Pierwszego lipca 1943 roku  pociąg osobowy wiozący  grupę  704 polskich uchodźców zatrzymał sie na stacji kolejowej Leon .  Na peronie, odświętnie udekorowanym kwiatami i flagami Polski i Meksyku,  przybyszów oczekiwała oficjalna delegacja władz miasta na czele z burmistrzem. Orkiestra odegrała hymny narodowe obu krajów.  Osłupiali Polacy płakali ze wzruszenia,  słysząc znajome dźwięki Mazurka Dąbrowskiego w egzotycznym wykonaniu miejscowych muzyków. Zgromadzone na peronie kobiety,  podbiegły do przybyszów i  czule ich obejmowały, wykrzykując coś z entuzjazmem w niezrozumiałym  dla nich języku.

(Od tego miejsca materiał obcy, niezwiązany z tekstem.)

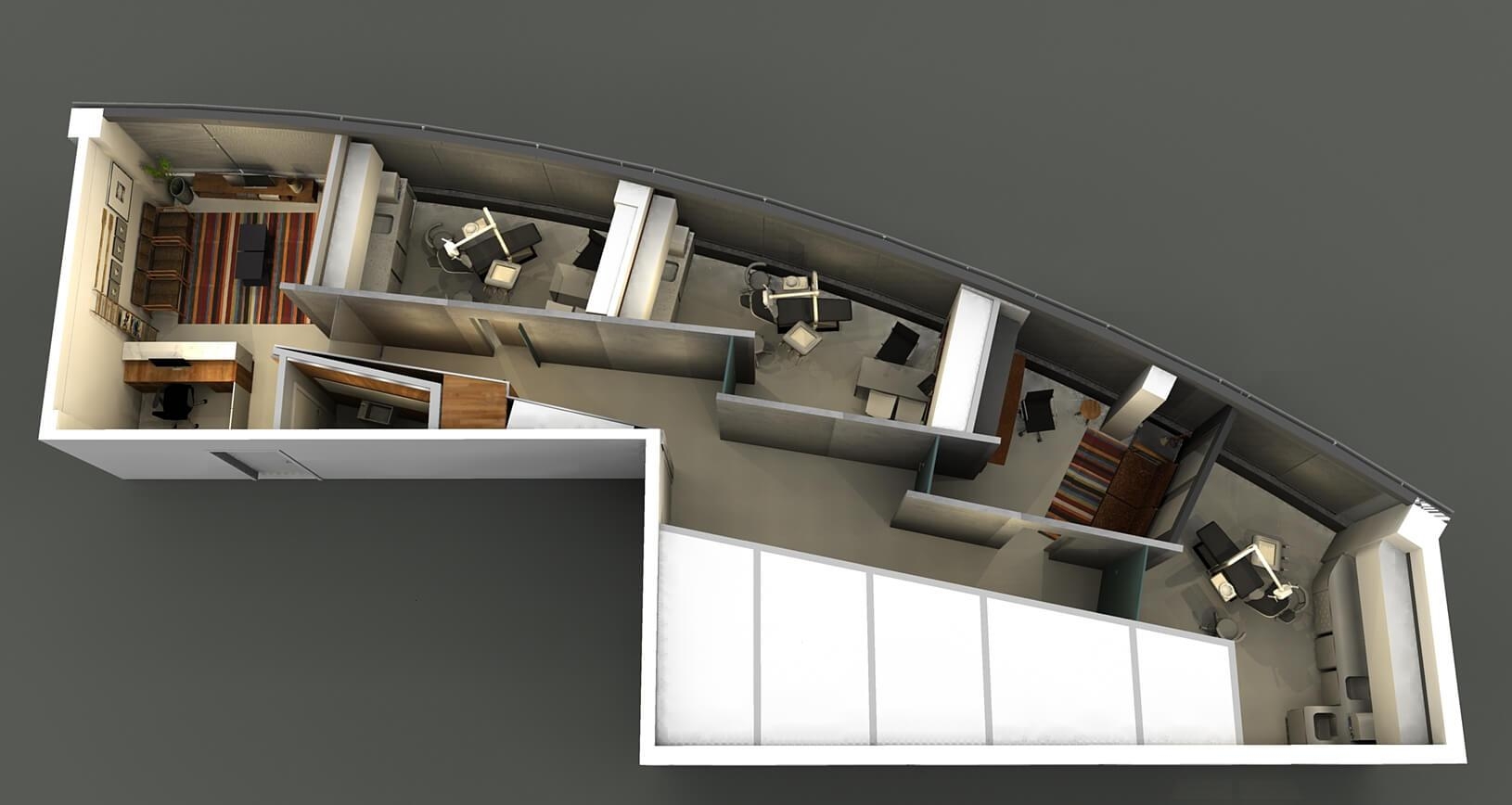 Dividir o espaço nos 11 ambientes e os espaços de circulação necessários para o bom funcionamento desta clínica exigiu muito estudo, muita geometria e acima de tudo, muita criatividade. Render ilustrativo.

W taki niesamowity sposób mieszkańcy Leon przywitali polskich tułaczy z Rosji. Dziś rano, na stacji kolejowej, która od tamtego czasu prawie wcale się nie zmieniła, spotkaliśmy się z panią Aleksandrą Grzybowicz, Walentyną Gyciuk i Franciszką Pater, które wyszły za mąż za Meksykanów i osiadły na stałe w Leon. Na stację Polki przyjechały w towarzystwie swoich dzieci, wnuków i prawnuków, które są trzecim i czwartym pokoleniem Polaków z Santa Rosa.

Wczesnym popołudniem pojechaliśmy do domu córki pani Frani, gdzie w ogrodzie mieliśmy okazję usłyszeć ich wspomnienia z pobytu w Santa Rosa. Na jednym ze zdjęć pani Walentyna rozpoznała Marię Jakubowską, która była nianią mojego taty. Pani Frania w swoim albumie miała zdjęcie z pogrzebu Polaka z Santa Rosy, ale nie wiemy czy był to pogrzeb mojego dziadka

Panie zaoferowały nam pomoc w poszukiwaniach grobu Józefa Wiercińskiego  i zasugerowały wizytę na cmentarzu San Nicolas i w katakumbach Temlo Expiatorio, gdzie chowano Polaków, oraz w miejskim archiwum.